SEBI (Investment Advisers) Regulations
SEBI (Investment Advisers) Regulations, 2013 established the regulatory framework for individuals and entities providing investment advice to clients in India, requiring registration with SEBI, adherence to a fiduciary standard, segregation of advisory and distribution activities, and maintenance of defined qualifications and net worth requirements.
SEBI issued the Investment Advisers (IA) Regulations in January 2013, creating for the first time a formal regulatory category for persons providing investment advice as a primary business activity in India. Before these regulations, investment advice was largely unregulated — anyone could set up a practice offering financial or portfolio advice without registration, qualification requirements, or supervision. The 2013 regulations changed this by requiring all persons and entities providing 'investment advice' for consideration to register as SEBI Registered Investment Advisers (RIAs).
The regulations imposed a fiduciary standard on RIAs — a legally significant distinction. A fiduciary is required to act in the client's best interest at all times, disclosing and managing conflicts of interest, rather than merely meeting a 'suitability' standard. This placed RIAs in a different regulatory category from mutual fund distributors, who operated under a suitability framework administered by AMFI and were compensated through distributor commissions from AMCs rather than client fees.
A critical provision of the IA Regulations (significantly tightened through 2020 amendments) was the segregation of advisory and distribution activities. An individual or entity registered as an RIA could not simultaneously act as a mutual fund distributor, receiving trail commissions from AMCs. This was intended to eliminate the inherent conflict between fee-based advisory (where the adviser had no financial interest in recommending a specific product) and commission-based distribution (where the incentive was to recommend products with higher commissions). Non-individual RIAs (firms or companies) could maintain both activities only through clearly separated business units, with no client sharing between the advisory and distribution arms.
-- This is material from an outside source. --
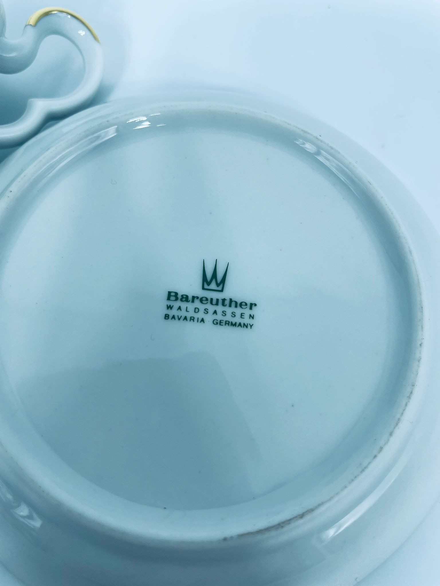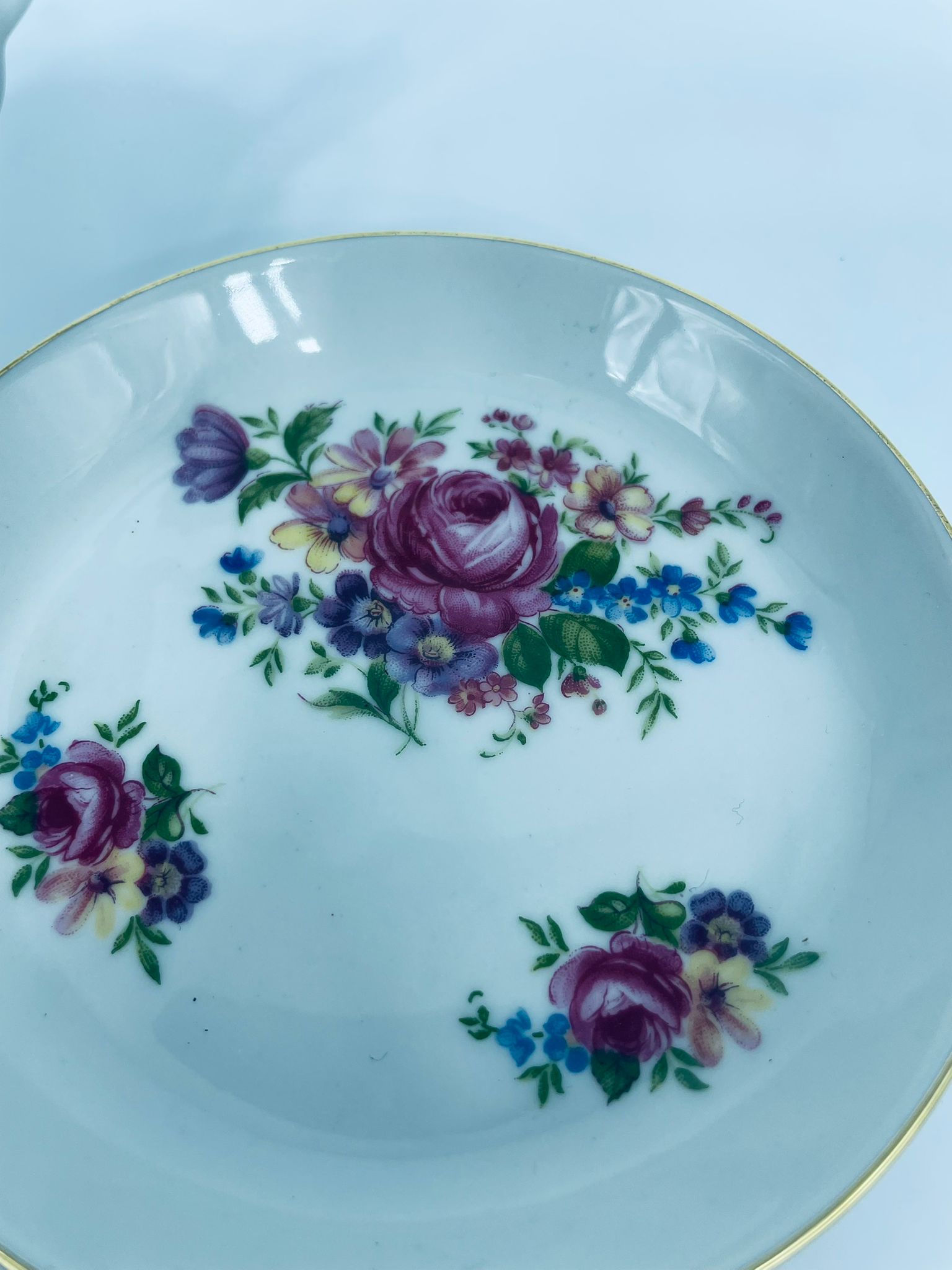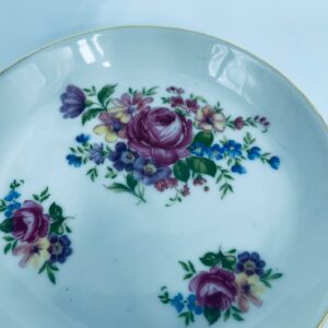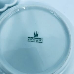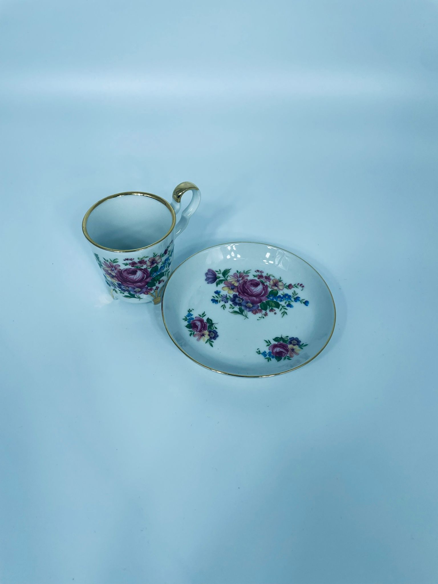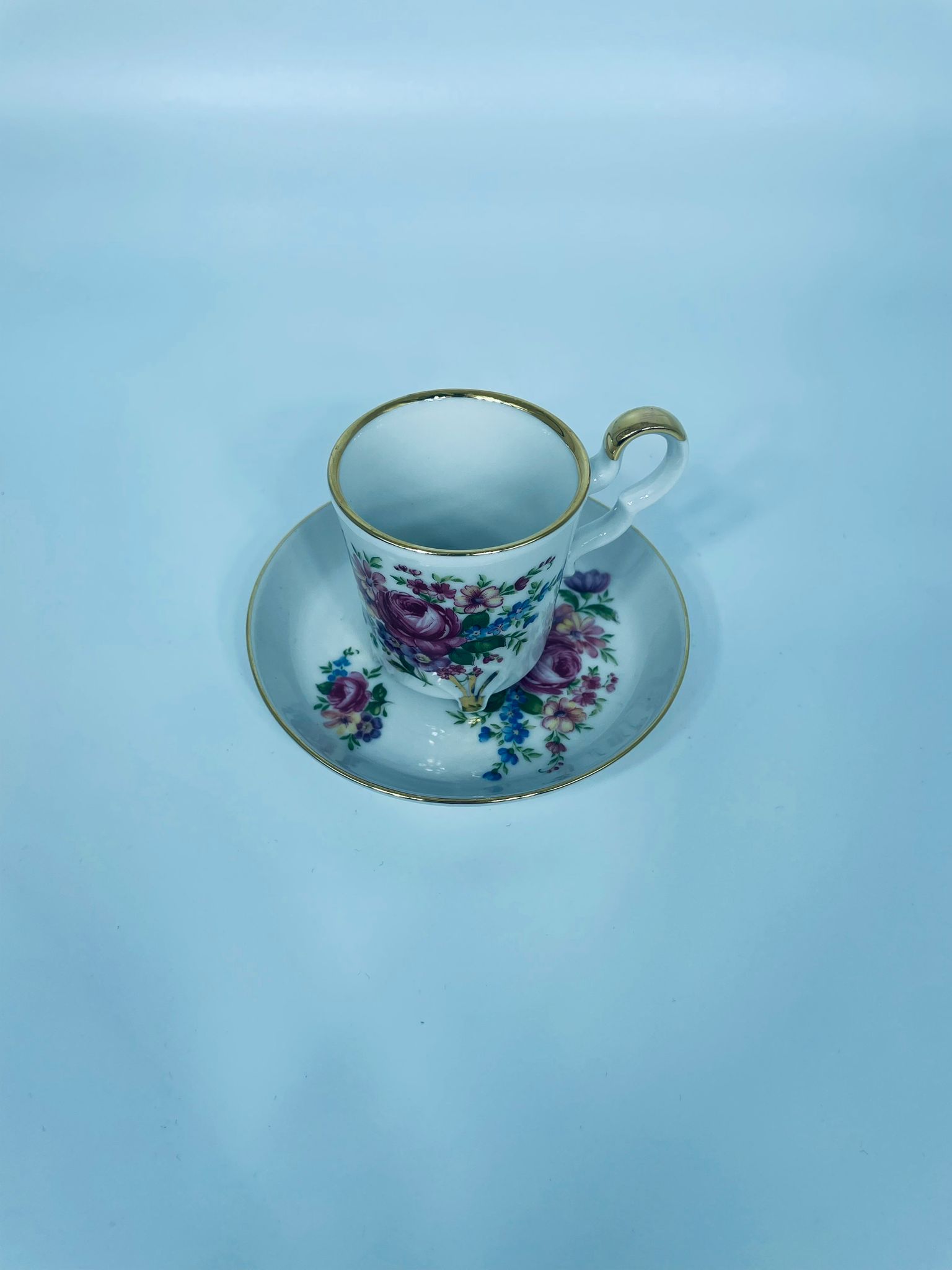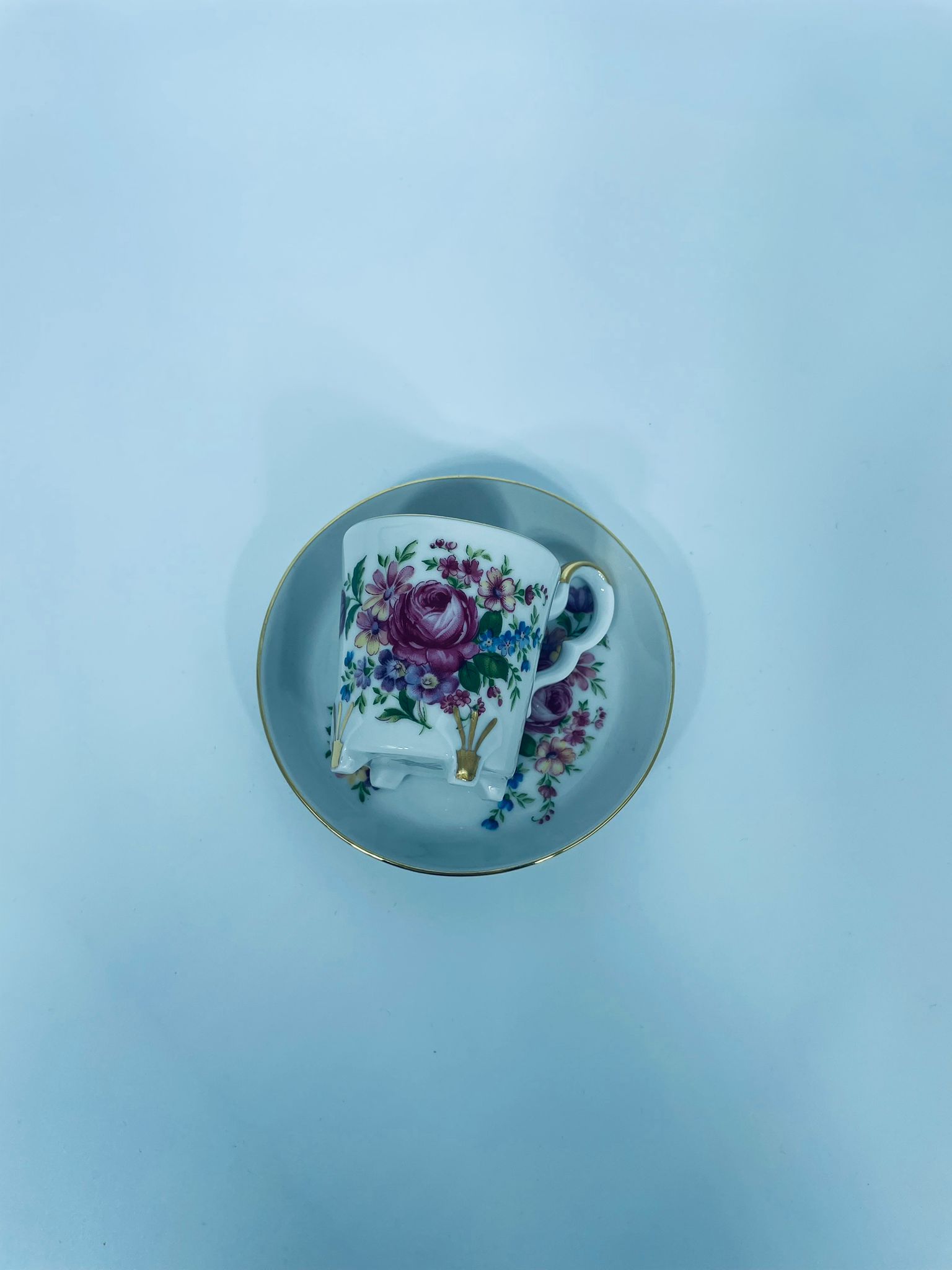 Filiżanka kolekcjonerska w zestawie duo, wytwórni Bareuther Waldsassen, wykonana z wysokiej jakości białej porcelany. Zestaw charakteryzuje się bogatym, wielokolorowym wzorem kwiatowym oraz pozlacanymi krawędziami. Filiżanka osadzona jest na czterech ozdobnych nóżkach ze złotymi akcentami.
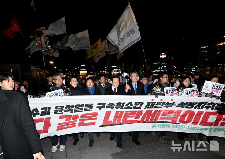 尹구속 최소 재판부 항의 행진하는 이재명 대표

Qualification requirements for RIA registration included at least a graduate degree with minimum five years' experience in financial services, or a post-graduate degree or professional qualification (CFPCM, CFA, etc.) with minimum two years' experience. Persons dealing with clients were required to hold NISM Series X-A (Investment Adviser Level 1) certification. Net worth requirements were Rs 5 lakh for individuals and Rs 50 lakh for non-individuals.
The 2020 amendments to the IA Regulations also changed the client-adviser relationship structure significantly: RIAs were required to enter into a formal written client agreement, conduct risk profiling, and document suitability assessments for every recommendation. Fee structures were regulated, with a cap on fee-based charging and a prohibition on upfront large advisory fees. These amendments were intended to professionalise the advisory sector and build investor confidence in paying explicit fees for financial advice — a concept that India's investor community was still in the early stages of embracing.